If the reason the fuse blew was a liquid spill then carefully clean the area around the WLED driver (front and back of board) and if possible, examine closely with magnification to determine if there is residue or obvious corrosion. Clean with 99% pure isopropyl alcohol and a toothbrush.
If you want to be careful before replacing fuse you could check the resistance on all of the WLED pins to ground to see if there is a problem. There is a chart of typical values earlier in the thread.
Another common fault that causes fuse to blow are shorts inside the LVDS connector. Check the resistance between the backlight voltage pins on the connector to ground. Sometimes there is an internal short. Sometimes possible to straighten the pins under heavy magnification but connector replacement is most likely going to be the solution.
The soldering method I use for replacing the fuse is:
1) Using 2 fine tip soldering irons, one on each end of the fuse, and lift the fuse off. Kind of like hot tweezers.
2) Clean the solder pads on the board removing any large quantity of solder left behind.
3) Apply solder flux to the pads.
4) Under magnification, place the new fuse on the pads and hold down the centre of the fuse with fine tip tweezers.
5) With one soldering iron apply solder to one end of the fuse.
6) Remove tweezers and move to other end of fuse and apply solder. Touch up as required.

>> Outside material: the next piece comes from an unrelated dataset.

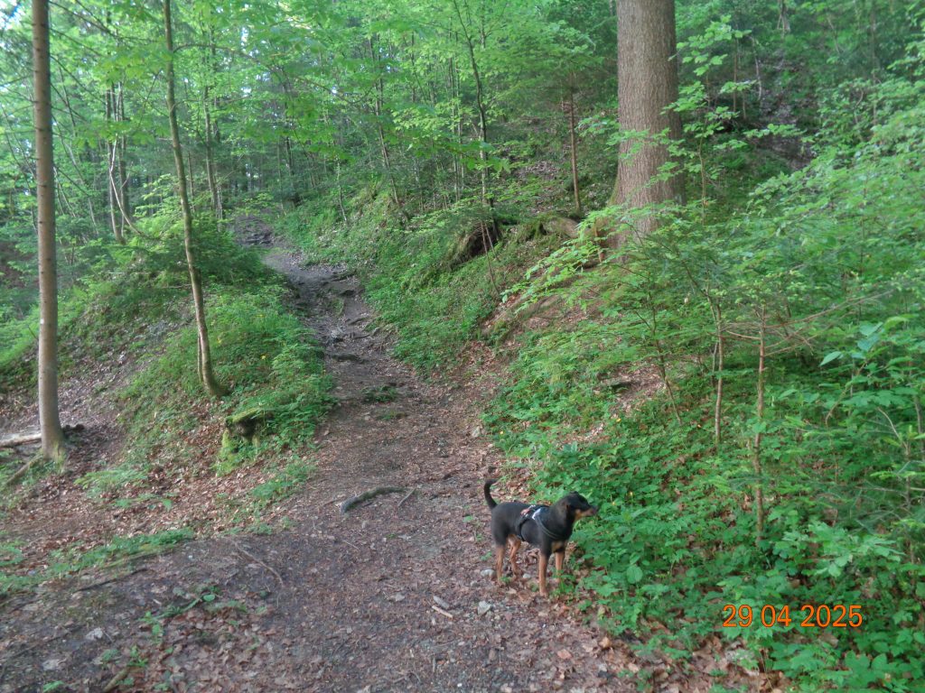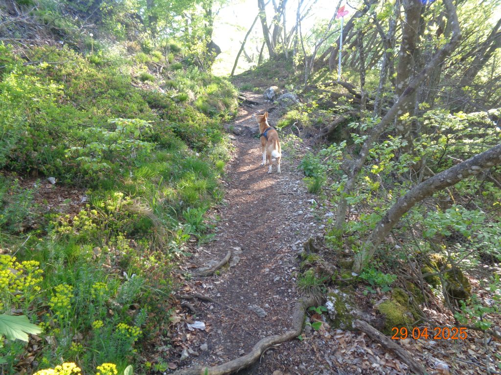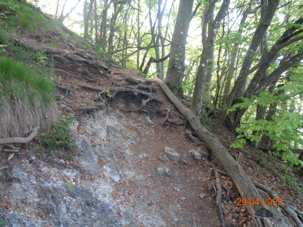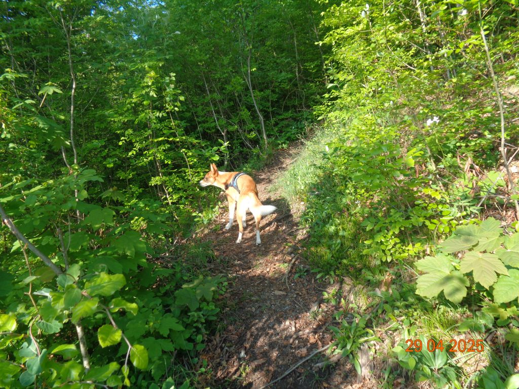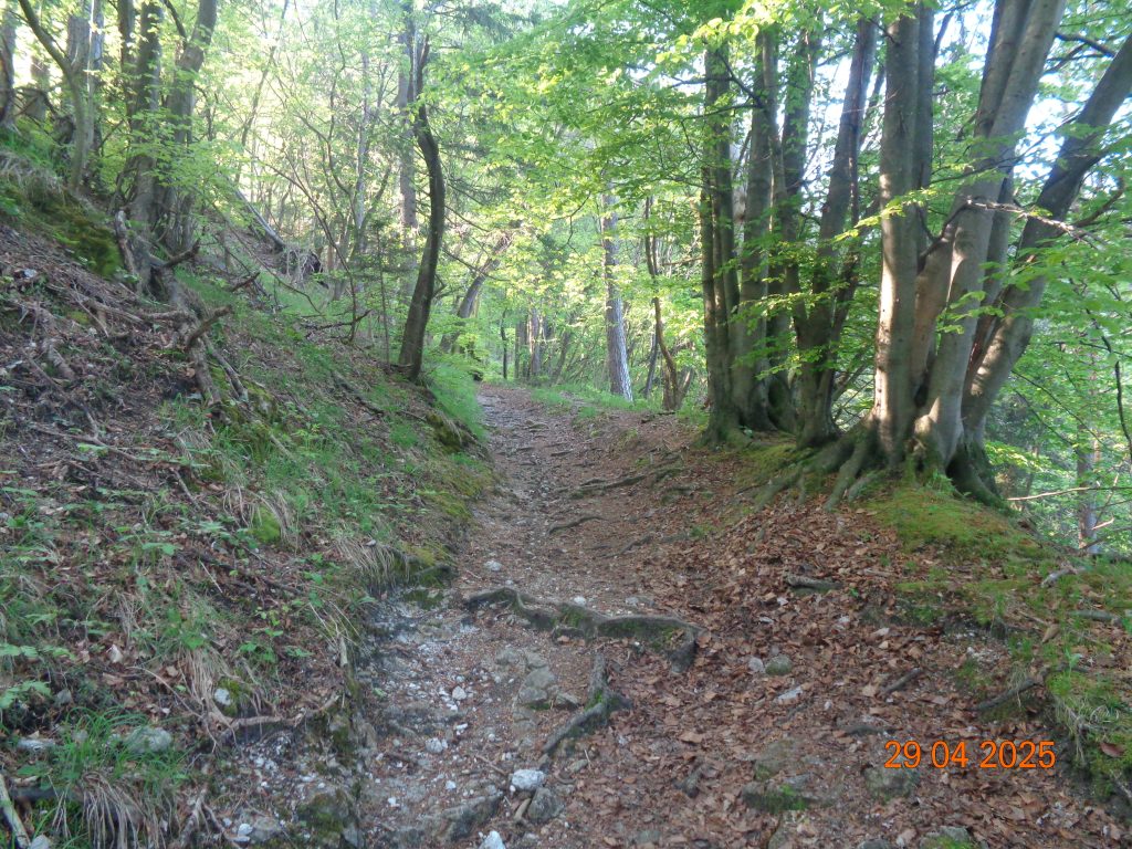 V nadaljevanju smo se zložno vzpenjale po občasno zaraščeni poti, katera nas je vodila mimo več manjših razpotij, kjer smo sledile markacijam.

Caution needs to be exercised to not apply too much heat for too long. Fuses are thermal devices by nature and you can end up blowing the fuse just by too much heat in the soldering process.
As far as the tools the primary concern is a decent soldering iron and a very fine tip. I use a Metcal
SP-200
with a tip something like the SSC-726A tip shown on the page. I use a 700 series (temperature) tip.
I personally don't see how you can do it without magnification but some people seem to achieve this. Binocular microscope is ideal.